*Material supplied:*
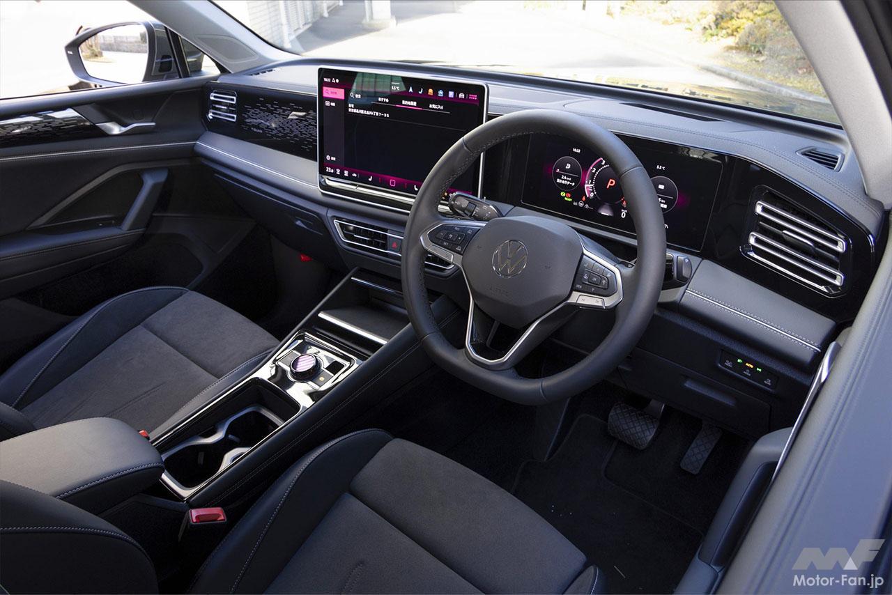 そのパワートレーンは2種類。エンジンはディーゼルとガソリンで、どちらも7速DSG(DCT)との組み合わせ。ディーゼルは4MOTION(4WD)となり、ガソリンは2WD(FF)だ。両エンジンともにアップデートされており、ディーゼルは2L TDIでツインドージングシステムを採用した最新世代。NOxを浄化する尿素水を排気系の上流と下流の2ヵ所で噴射するシステムを備えている。1ヵ所で噴射する従来のシステムに比べてNOxの浄化性能が高まるため、NOx後処理の都合で過渡のトルクを絞る必要がなくレスポンスに優れるのが特徴。残念ながら2024年12月のメディア向け試乗会には間に合っておらず、そのあたりの確認は2025年に持ち越しとなった。
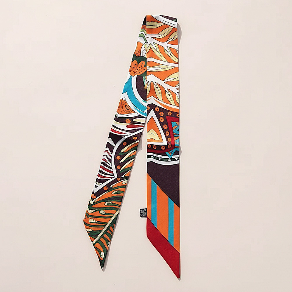 • Brighten your style with this geometric print skinny silk scarf, accented with striped and abstract details. Perfect for tying around the neck, hair, wrist, or handbags, this versatile accessory adds a pop of color and sophistication to any outfit.
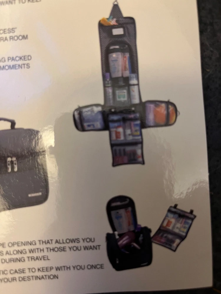 Handle, Hanging, Mirror, Pockets, Straps, Zipper
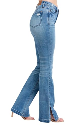• THE PERFECT JEAN: Ladies...Get your butt into the new trend! Judy Blue High High Waist Tummy Control Vintage Wash Side Slit Bootcut jeans is slim fitting through the waist, hip, and butt with a slim fitting flared leg.
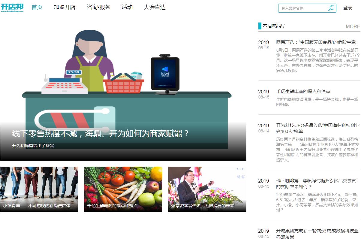 開店邦是聚焦中國高成長連鎖門店的一站式服務(wù)平臺。公司隸屬于上海愿達(dá)實業(yè)有限公司,前身是創(chuàng)業(yè)邦旗下的一個事業(yè)部,是美國最大的商業(yè)媒體Entrepreneur中國市場獨家合作伙伴。我們以"讓天下沒有難開的門店"為企業(yè)愿景,通過我們對連鎖企業(yè)的深度研究和大數(shù)據(jù)基礎(chǔ),構(gòu)建完善的生態(tài)鏈和深度服務(wù)能力,助力中國優(yōu)質(zhì)連鎖企業(yè)的高成長,服務(wù)、賦能、孵化代表未來的新型連鎖品牌。開店邦致力于將中國消費連鎖企業(yè)的商業(yè)品牌和渠道價值最大化,提供包括互聯(lián)網(wǎng)媒體、加盟招商、連鎖顧問與咨詢服務(wù)、投融資服務(wù)等一站式開店綜合服務(wù)。幫助“0-1”階段10-50家規(guī)模的連鎖品牌建立健康的連鎖商業(yè)模式,找到好賽道、好品類和好模式;助力“1-10”階段50-500家規(guī)模的連鎖企業(yè),完善其在高速成長階段缺失的關(guān)鍵能力,幫助企業(yè)在新零售轉(zhuǎn)型時搭建基礎(chǔ)設(shè)施。公司成功舉辦10屆中國高成長連鎖行業(yè)峰會及百余場會議論壇,評選10屆“中國高成長連鎖50強(qiáng)。我們幫助近30家連鎖企業(yè)成功實現(xiàn)投融資,累計投融資完成金額2億人民幣;深度服務(wù)超過100家連鎖企業(yè);目前已擁有超200名行業(yè)專家,撰寫并發(fā)布了500份深度研究報告;積累沉淀了3000家連鎖企業(yè)數(shù)據(jù)庫;擁有30萬高端加盟開店用戶。
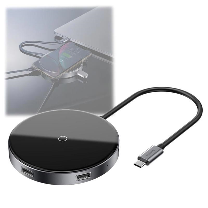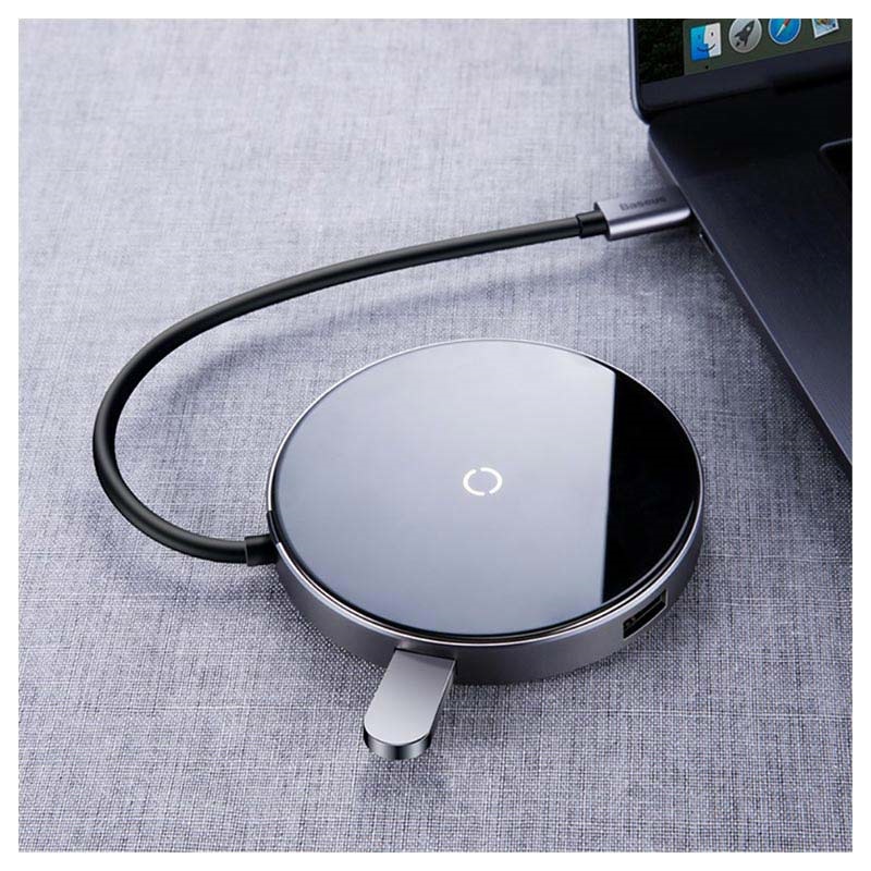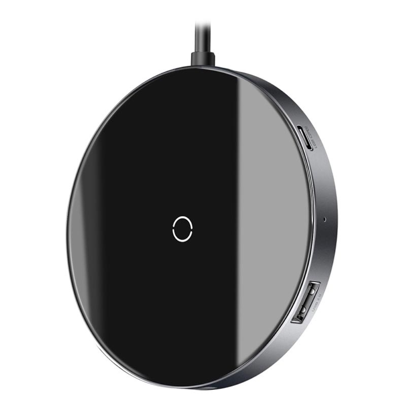 Ładowarka Bezprzewodowa Qi i Hub z Portami Type-C PD, 4 USB 6-w-1 Baseus Circular Mirror - 10W, 60W, 5Gbps, 480Mbps

*Exercise goal:*
If a line comes after the line with "to any outfit.", it stays out; print exactly every line from the start of the entries up to and including that line, but no pictures.

*Task answer:*
 そのパワートレーンは2種類。エンジンはディーゼルとガソリンで、どちらも7速DSG(DCT)との組み合わせ。ディーゼルは4MOTION(4WD)となり、ガソリンは2WD(FF)だ。両エンジンともにアップデートされており、ディーゼルは2L TDIでツインドージングシステムを採用した最新世代。NOxを浄化する尿素水を排気系の上流と下流の2ヵ所で噴射するシステムを備えている。1ヵ所で噴射する従来のシステムに比べてNOxの浄化性能が高まるため、NOx後処理の都合で過渡のトルクを絞る必要がなくレスポンスに優れるのが特徴。残念ながら2024年12月のメディア向け試乗会には間に合っておらず、そのあたりの確認は2025年に持ち越しとなった。
 • Brighten your style with this geometric print skinny silk scarf, accented with striped and abstract details. Perfect for tying around the neck, hair, wrist, or handbags, this versatile accessory adds a pop of color and sophistication to any outfit.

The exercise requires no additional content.